→ Task objective
Type the data below again exactly. Omit all pictures.

→ Supplied data
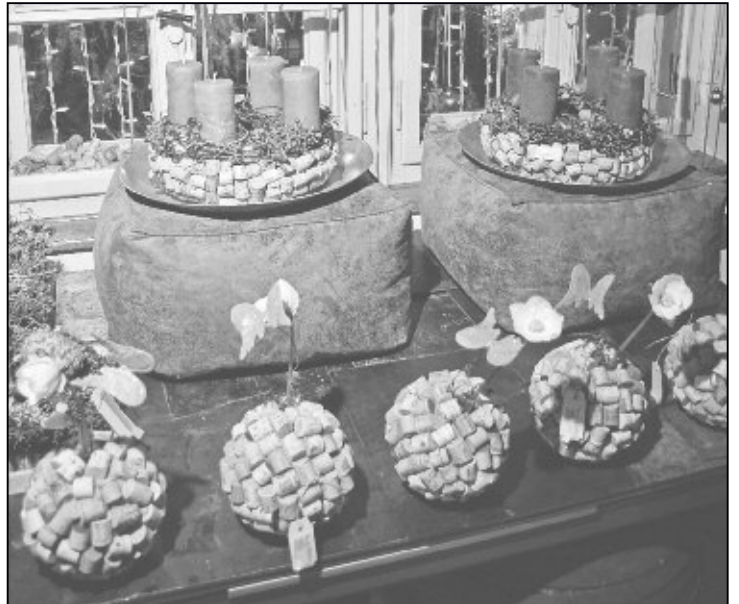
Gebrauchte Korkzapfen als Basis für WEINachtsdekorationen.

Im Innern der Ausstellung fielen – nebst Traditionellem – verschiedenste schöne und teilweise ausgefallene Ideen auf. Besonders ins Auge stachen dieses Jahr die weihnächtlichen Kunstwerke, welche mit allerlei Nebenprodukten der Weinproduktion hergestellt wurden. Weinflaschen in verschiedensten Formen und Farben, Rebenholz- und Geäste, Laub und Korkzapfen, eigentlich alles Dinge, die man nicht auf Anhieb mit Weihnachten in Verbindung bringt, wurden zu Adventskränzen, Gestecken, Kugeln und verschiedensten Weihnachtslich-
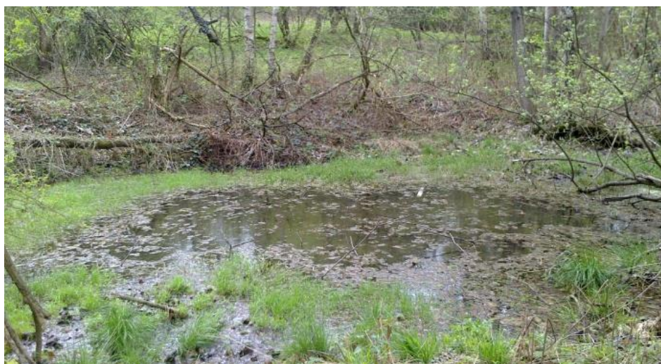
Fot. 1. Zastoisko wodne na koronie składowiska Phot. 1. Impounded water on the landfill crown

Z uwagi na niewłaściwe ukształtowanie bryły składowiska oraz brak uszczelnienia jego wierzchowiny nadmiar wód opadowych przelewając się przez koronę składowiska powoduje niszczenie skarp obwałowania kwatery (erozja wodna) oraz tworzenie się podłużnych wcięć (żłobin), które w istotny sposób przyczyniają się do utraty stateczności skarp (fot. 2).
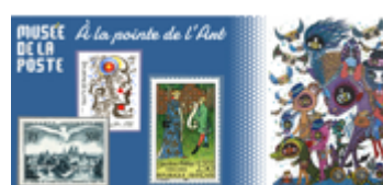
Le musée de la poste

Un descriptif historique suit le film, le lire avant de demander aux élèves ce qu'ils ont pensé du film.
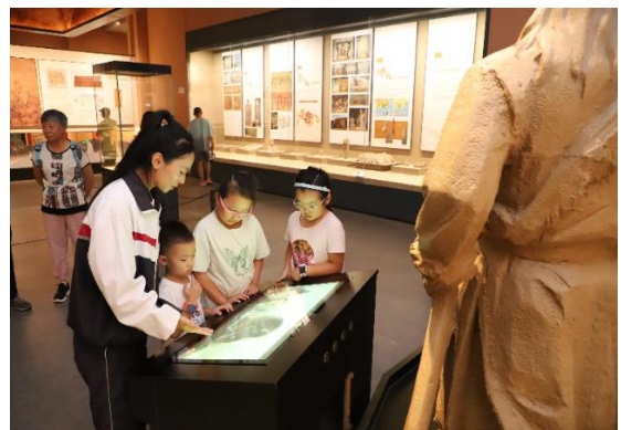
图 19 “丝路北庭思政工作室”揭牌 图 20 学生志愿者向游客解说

→ Completed exercise
Gebrauchte Korkzapfen als Basis für WEINachtsdekorationen.

Im Innern der Ausstellung fielen – nebst Traditionellem – verschiedenste schöne und teilweise ausgefallene Ideen auf. Besonders ins Auge stachen dieses Jahr die weihnächtlichen Kunstwerke, welche mit allerlei Nebenprodukten der Weinproduktion hergestellt wurden. Weinflaschen in verschiedensten Formen und Farben, Rebenholz- und Geäste, Laub und Korkzapfen, eigentlich alles Dinge, die man nicht auf Anhieb mit Weihnachten in Verbindung bringt, wurden zu Adventskränzen, Gestecken, Kugeln und verschiedensten Weihnachtslich-
Fot. 1. Zastoisko wodne na koronie składowiska Phot. 1. Impounded water on the landfill crown

Z uwagi na niewłaściwe ukształtowanie bryły składowiska oraz brak uszczelnienia jego wierzchowiny nadmiar wód opadowych przelewając się przez koronę składowiska powoduje niszczenie skarp obwałowania kwatery (erozja wodna) oraz tworzenie się podłużnych wcięć (żłobin), które w istotny sposób przyczyniają się do utraty stateczności skarp (fot. 2).
Le musée de la poste

Un descriptif historique suit le film, le lire avant de demander aux élèves ce qu'ils ont pensé du film.
图 19 “丝路北庭思政工作室”揭牌 图 20 学生志愿者向游客解说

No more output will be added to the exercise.